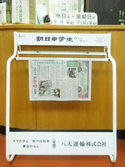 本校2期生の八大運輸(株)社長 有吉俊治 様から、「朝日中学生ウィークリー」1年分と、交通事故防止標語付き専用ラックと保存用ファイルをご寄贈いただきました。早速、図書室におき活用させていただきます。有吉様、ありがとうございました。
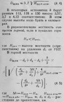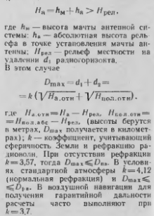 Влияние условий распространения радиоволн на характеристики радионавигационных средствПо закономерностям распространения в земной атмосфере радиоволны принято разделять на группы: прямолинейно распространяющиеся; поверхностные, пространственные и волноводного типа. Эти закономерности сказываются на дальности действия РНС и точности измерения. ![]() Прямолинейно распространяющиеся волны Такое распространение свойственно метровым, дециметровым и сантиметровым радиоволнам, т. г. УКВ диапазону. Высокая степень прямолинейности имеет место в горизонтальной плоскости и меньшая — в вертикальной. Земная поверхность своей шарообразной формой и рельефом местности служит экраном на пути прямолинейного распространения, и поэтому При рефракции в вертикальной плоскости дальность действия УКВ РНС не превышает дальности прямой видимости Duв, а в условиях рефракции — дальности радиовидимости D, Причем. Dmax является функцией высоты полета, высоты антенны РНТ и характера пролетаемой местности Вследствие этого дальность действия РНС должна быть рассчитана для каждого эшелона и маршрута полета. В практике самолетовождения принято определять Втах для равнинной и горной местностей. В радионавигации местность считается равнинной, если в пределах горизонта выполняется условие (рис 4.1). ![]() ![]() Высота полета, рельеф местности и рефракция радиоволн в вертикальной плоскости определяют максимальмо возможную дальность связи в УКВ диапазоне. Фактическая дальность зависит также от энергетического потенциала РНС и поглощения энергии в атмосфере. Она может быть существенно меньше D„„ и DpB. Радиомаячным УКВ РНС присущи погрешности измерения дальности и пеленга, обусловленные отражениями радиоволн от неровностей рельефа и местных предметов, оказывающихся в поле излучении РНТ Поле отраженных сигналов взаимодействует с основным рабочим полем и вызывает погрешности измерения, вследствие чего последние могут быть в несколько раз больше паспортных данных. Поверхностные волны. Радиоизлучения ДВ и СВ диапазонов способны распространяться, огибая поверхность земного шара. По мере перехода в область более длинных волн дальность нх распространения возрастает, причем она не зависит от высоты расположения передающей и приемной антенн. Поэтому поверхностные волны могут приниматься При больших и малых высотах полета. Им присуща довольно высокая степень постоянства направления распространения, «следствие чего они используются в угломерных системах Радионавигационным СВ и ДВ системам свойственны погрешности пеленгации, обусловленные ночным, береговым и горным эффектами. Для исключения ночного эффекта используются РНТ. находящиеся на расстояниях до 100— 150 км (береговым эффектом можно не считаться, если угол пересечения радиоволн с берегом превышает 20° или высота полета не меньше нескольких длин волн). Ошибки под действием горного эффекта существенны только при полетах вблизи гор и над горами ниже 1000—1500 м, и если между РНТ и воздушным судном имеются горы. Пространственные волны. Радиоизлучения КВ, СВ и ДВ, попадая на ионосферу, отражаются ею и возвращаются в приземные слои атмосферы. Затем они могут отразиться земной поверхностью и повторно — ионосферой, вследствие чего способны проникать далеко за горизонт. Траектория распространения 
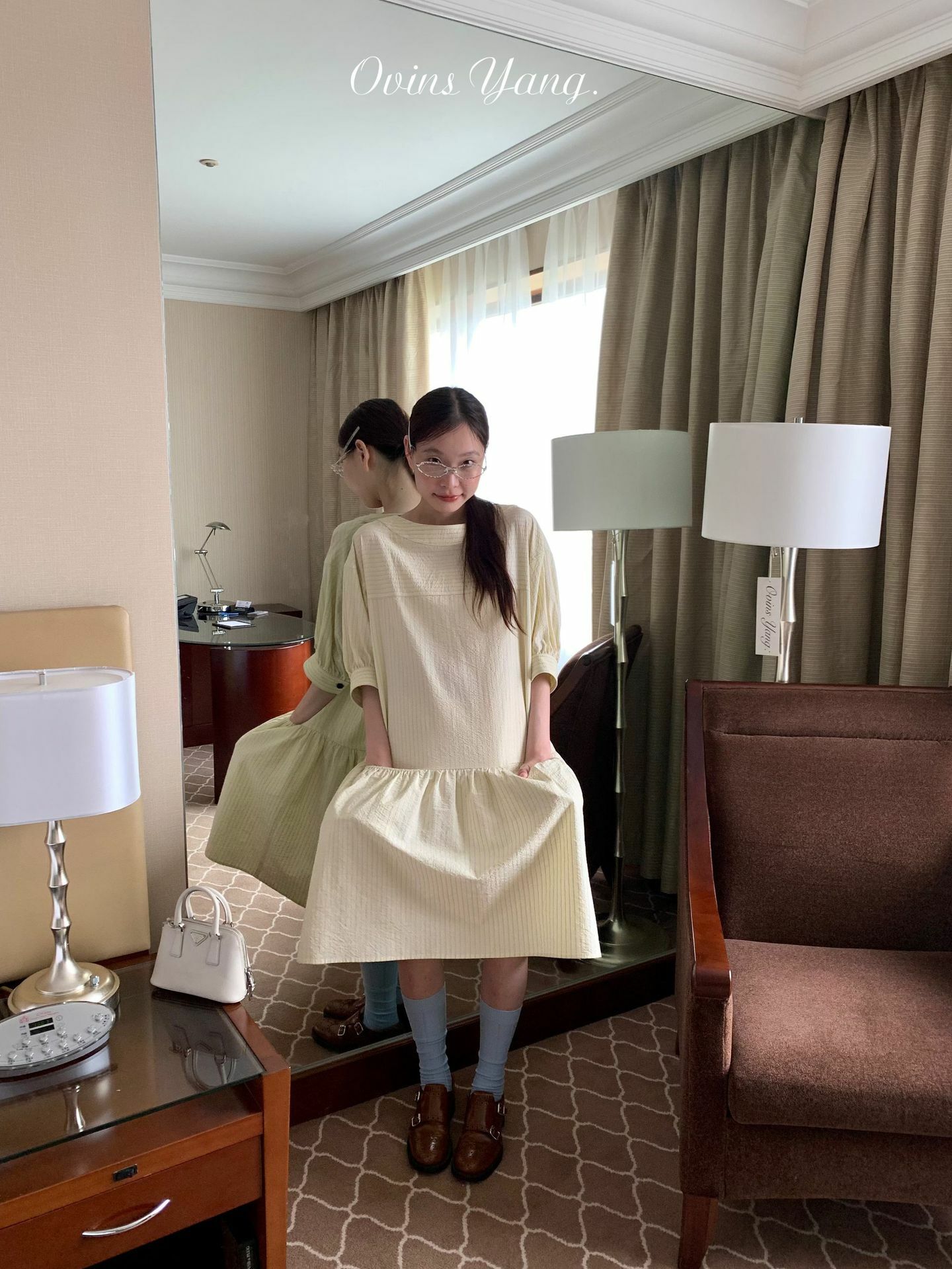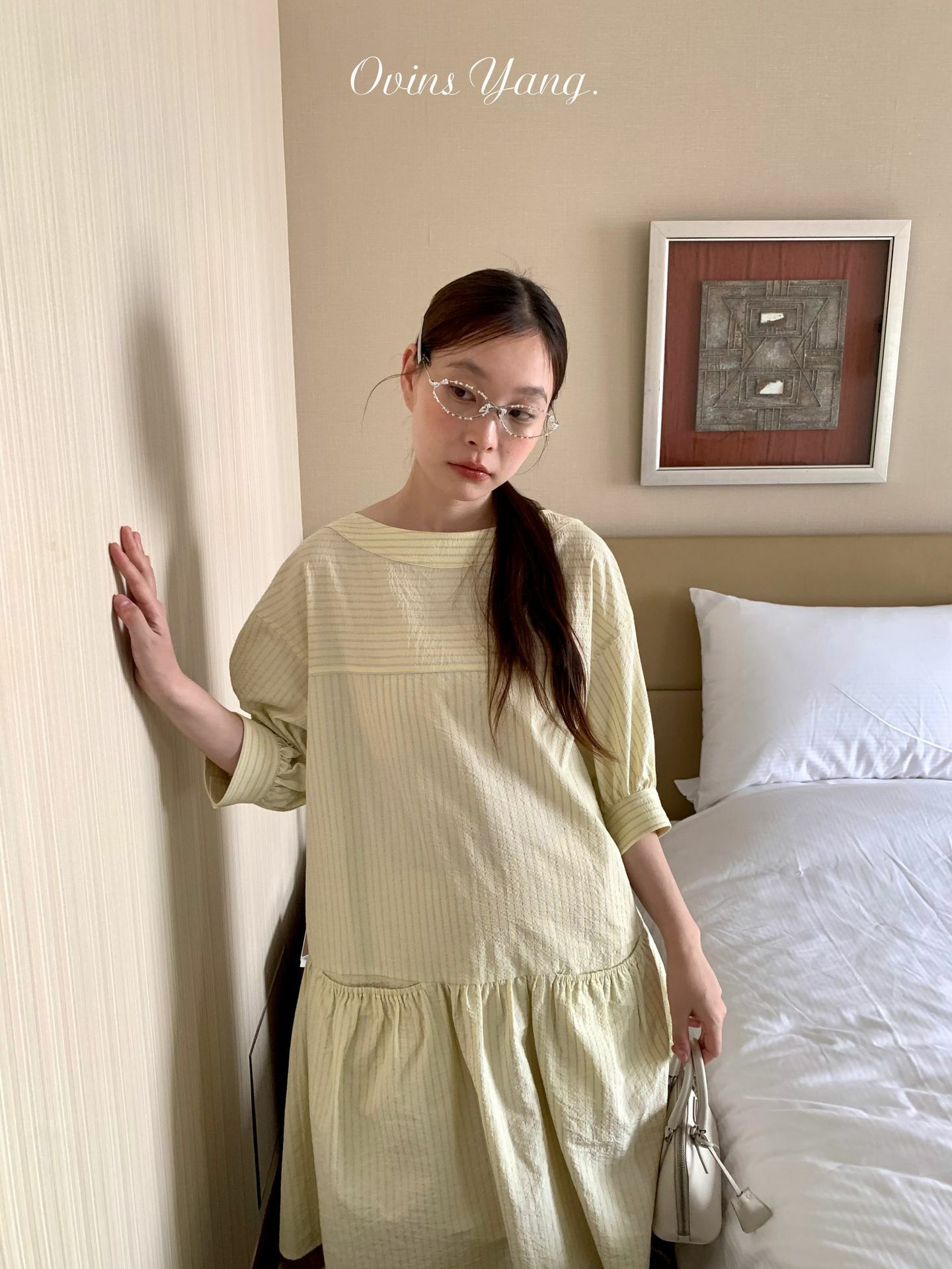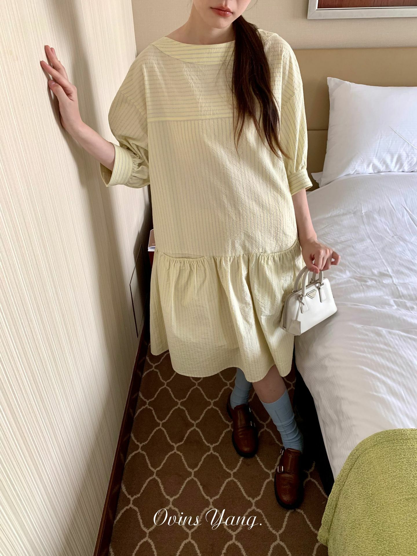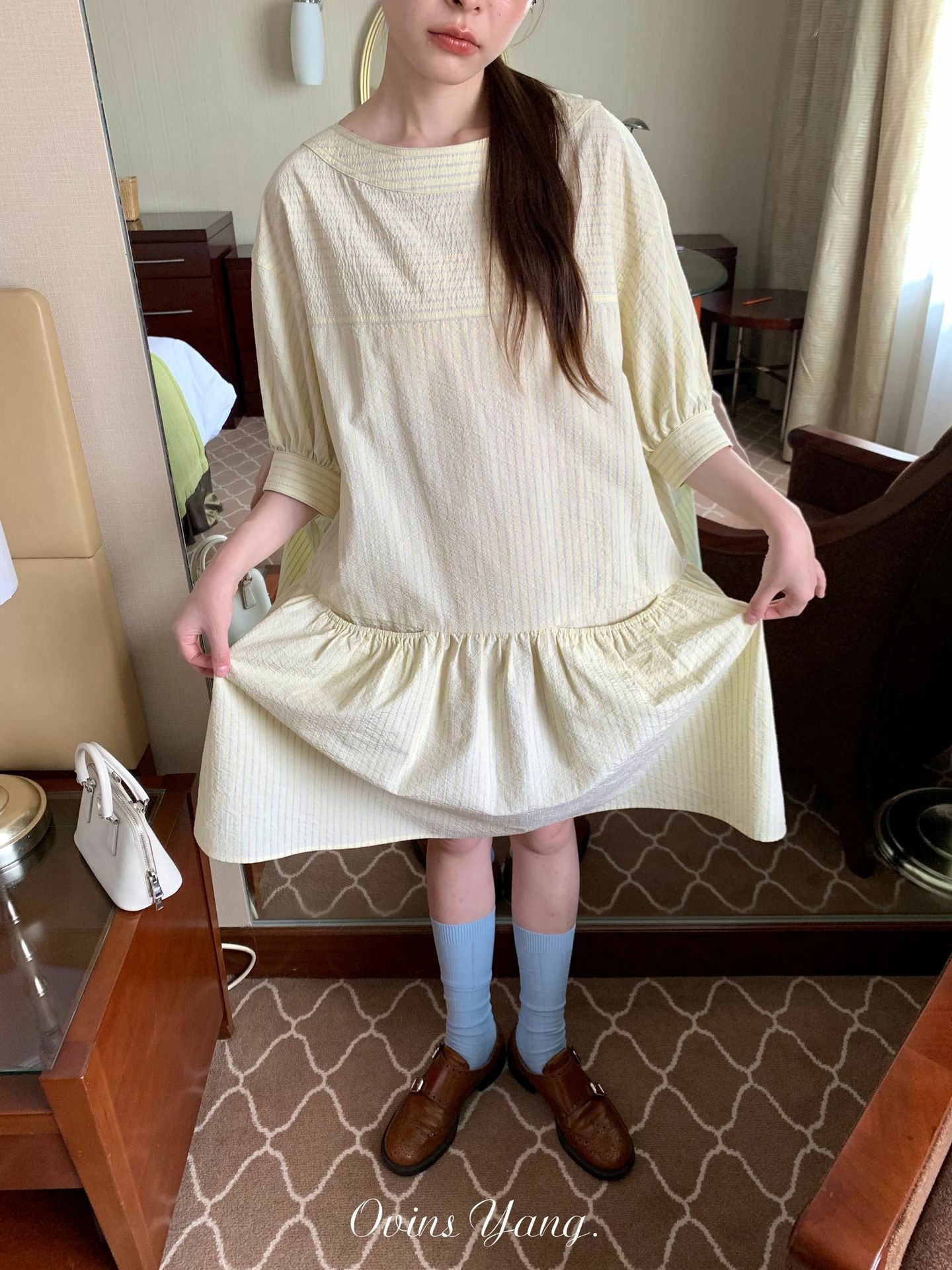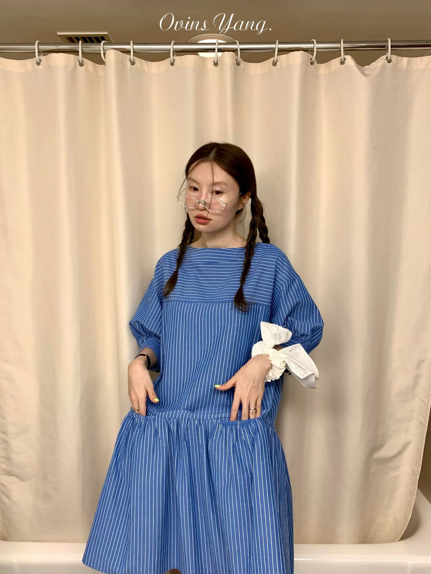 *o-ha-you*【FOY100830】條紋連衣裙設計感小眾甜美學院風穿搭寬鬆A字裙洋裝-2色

■ WHAT NEEDS TO BE DONE
Print every line of the material above exactly as it reads, skipping the pictures.

■ RESULT OF THIS TASK
 本校2期生の八大運輸(株)社長 有吉俊治 様から、「朝日中学生ウィークリー」1年分と、交通事故防止標語付き専用ラックと保存用ファイルをご寄贈いただきました。早速、図書室におき活用させていただきます。有吉様、ありがとうございました。
 Влияние условий распространения радиоволн на характеристики радионавигационных средствПо закономерностям распространения в земной атмосфере радиоволны принято разделять на группы: прямолинейно распространяющиеся; поверхностные, пространственные и волноводного типа. Эти закономерности сказываются на дальности действия РНС и точности измерения. ![]() Прямолинейно распространяющиеся волны Такое распространение свойственно метровым, дециметровым и сантиметровым радиоволнам, т. г. УКВ диапазону. Высокая степень прямолинейности имеет место в горизонтальной плоскости и меньшая — в вертикальной. Земная поверхность своей шарообразной формой и рельефом местности служит экраном на пути прямолинейного распространения, и поэтому При рефракции в вертикальной плоскости дальность действия УКВ РНС не превышает дальности прямой видимости Duв, а в условиях рефракции — дальности радиовидимости D, Причем. Dmax является функцией высоты полета, высоты антенны РНТ и характера пролетаемой местности Вследствие этого дальность действия РНС должна быть рассчитана для каждого эшелона и маршрута полета. В практике самолетовождения принято определять Втах для равнинной и горной местностей. В радионавигации местность считается равнинной, если в пределах горизонта выполняется условие (рис 4.1). ![]() ![]() Высота полета, рельеф местности и рефракция радиоволн в вертикальной плоскости определяют максимальмо возможную дальность связи в УКВ диапазоне. Фактическая дальность зависит также от энергетического потенциала РНС и поглощения энергии в атмосфере. Она может быть существенно меньше D„„ и DpB. Радиомаячным УКВ РНС присущи погрешности измерения дальности и пеленга, обусловленные отражениями радиоволн от неровностей рельефа и местных предметов, оказывающихся в поле излучении РНТ Поле отраженных сигналов взаимодействует с основным рабочим полем и вызывает погрешности измерения, вследствие чего последние могут быть в несколько раз больше паспортных данных. Поверхностные волны. Радиоизлучения ДВ и СВ диапазонов способны распространяться, огибая поверхность земного шара. По мере перехода в область более длинных волн дальность нх распространения возрастает, причем она не зависит от высоты расположения передающей и приемной антенн. Поэтому поверхностные волны могут приниматься При больших и малых высотах полета. Им присуща довольно высокая степень постоянства направления распространения, «следствие чего они используются в угломерных системах Радионавигационным СВ и ДВ системам свойственны погрешности пеленгации, обусловленные ночным, береговым и горным эффектами. Для исключения ночного эффекта используются РНТ. находящиеся на расстояниях до 100— 150 км (береговым эффектом можно не считаться, если угол пересечения радиоволн с берегом превышает 20° или высота полета не меньше нескольких длин волн). Ошибки под действием горного эффекта существенны только при полетах вблизи гор и над горами ниже 1000—1500 м, и если между РНТ и воздушным судном имеются горы. Пространственные волны. Радиоизлучения КВ, СВ и ДВ, попадая на ионосферу, отражаются ею и возвращаются в приземные слои атмосферы. Затем они могут отразиться земной поверхностью и повторно — ионосферой, вследствие чего способны проникать далеко за горизонт. Траектория распространения 
 *o-ha-you*【FOY100830】條紋連衣裙設計感小眾甜美學院風穿搭寬鬆A字裙洋裝-2色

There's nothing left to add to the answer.